Nomograms are widely used to combine important prognostic factors with specific endpoints, quantifying the risks for cancer prognosis. 21 The nomogram developed in the present study broadly incorporated prognostic factors for UPS patients, with the information on these factors being easily obtained from medical records. It can provide clinicians with a convenient auxiliary tool to develop individualized treatment strategies and design clinical trials. 37
Internal and external validations were also performed on the nomogram. The evaluation parameters included were the C-index, AUC, calibration curve, NRI, IDI, and DCA. The findings presented in the results section showed that our nomogram had a statistical advantage in performance and clinical usefulness over the AJCC system. This was mainly because our nomogram combined more important prognostic factors.

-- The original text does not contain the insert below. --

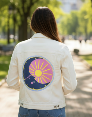 SOLUNA by HEND SHEHATA, digitally printed on a hand-made Denim Jacket with 3 color choices: Stonewash, White, or Black. Unisex XS S M L XL 2X 3X

A major advantage of our study over previous studies was the application of high quality, multicenter, large-sample data, which increased the reliability of our conclusions. There were some limitations to this study, the first being that many cases were excluded due to a lack of information, which may lead to selection bias. Second, some potential prognostic factors were not analyzed because their documentation in the SEER database was incomplete, which reduces the accuracy of the nomogram. It is clearly impossible to include all prognostic factors in the nomogram, so the nomogram should only be used as a reference for clinicians to make decisions, rather than providing a completely accurate prognosis. Third, the clinical practice of AJCC staging system has reached the eighth edition, but the latest edition used in SEER is the seventh edition, and SEER lacks part of the variables that constitute the eighth edition, so our study was still based on the seventh edition, which is also a limitation. Finally, our nomogram was based on a retrospective cohort and was only validated using data from the SEER database. Therefore, further validation by using a prospective cohort is required before clinical application.
Conclusion
We have constructed and validated the first nomogram for predicting the CSS rates of UPS patients at 3, 5, and 8 years after the diagnosis, based on the SEER database. The clinical usefulness and good performance showed that it can be applied in clinical practice as an auxiliary tool for clinicians to develop individualized treatment strategies and design clinical trials. However, further external validation is still needed.
Footnotes
Declaration of Conflicting Interests
The author(s) declared no potential conflicts of interest with respect to the research, authorship, and/or publication of this article.
Funding
The author(s) disclosed receipt of the following financial support for the research, authorship, and/or publication of this article: The study was supported by The National Social Science Foundation of China (grant/award no. 16BGL183).
Ethics Approval
This study was conducted in accordance with the Declaration of Helsinki.
Informed Consent
Institutional review board approval and informed consent were not required in the current study because SEER research data are publicly available and all patient data are de-identified.